Supplied material —
——

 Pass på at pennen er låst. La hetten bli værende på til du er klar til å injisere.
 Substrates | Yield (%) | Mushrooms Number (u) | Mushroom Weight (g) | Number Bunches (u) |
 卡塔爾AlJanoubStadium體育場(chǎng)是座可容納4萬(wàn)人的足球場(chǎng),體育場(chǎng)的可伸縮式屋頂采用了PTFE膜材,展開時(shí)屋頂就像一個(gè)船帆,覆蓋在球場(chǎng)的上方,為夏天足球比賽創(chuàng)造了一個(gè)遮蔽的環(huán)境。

——

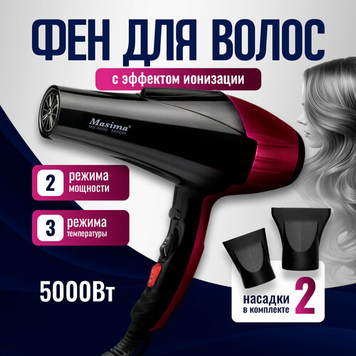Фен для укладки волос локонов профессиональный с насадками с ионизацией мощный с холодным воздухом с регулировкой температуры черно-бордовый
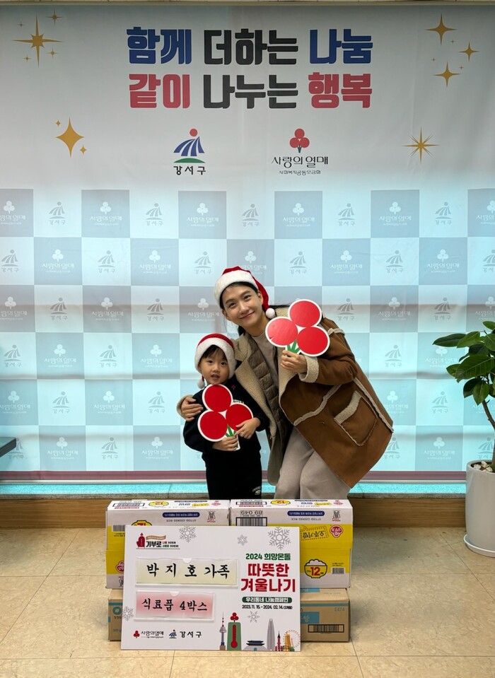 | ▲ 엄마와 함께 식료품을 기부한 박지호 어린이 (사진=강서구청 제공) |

——

The required answer is the exact run of lines above starting at the line with "Pass på at pennen" and ending at the line with "卡塔爾AlJanoubSta", with both ends present.

Result of the exercise —
 Pass på at pennen er låst. La hetten bli værende på til du er klar til å injisere.
 Substrates | Yield (%) | Mushrooms Number (u) | Mushroom Weight (g) | Number Bunches (u) |
 卡塔爾AlJanoubStadium體育場(chǎng)是座可容納4萬(wàn)人的足球場(chǎng),體育場(chǎng)的可伸縮式屋頂采用了PTFE膜材,展開時(shí)屋頂就像一個(gè)船帆,覆蓋在球場(chǎng)的上方,為夏天足球比賽創(chuàng)造了一個(gè)遮蔽的環(huán)境。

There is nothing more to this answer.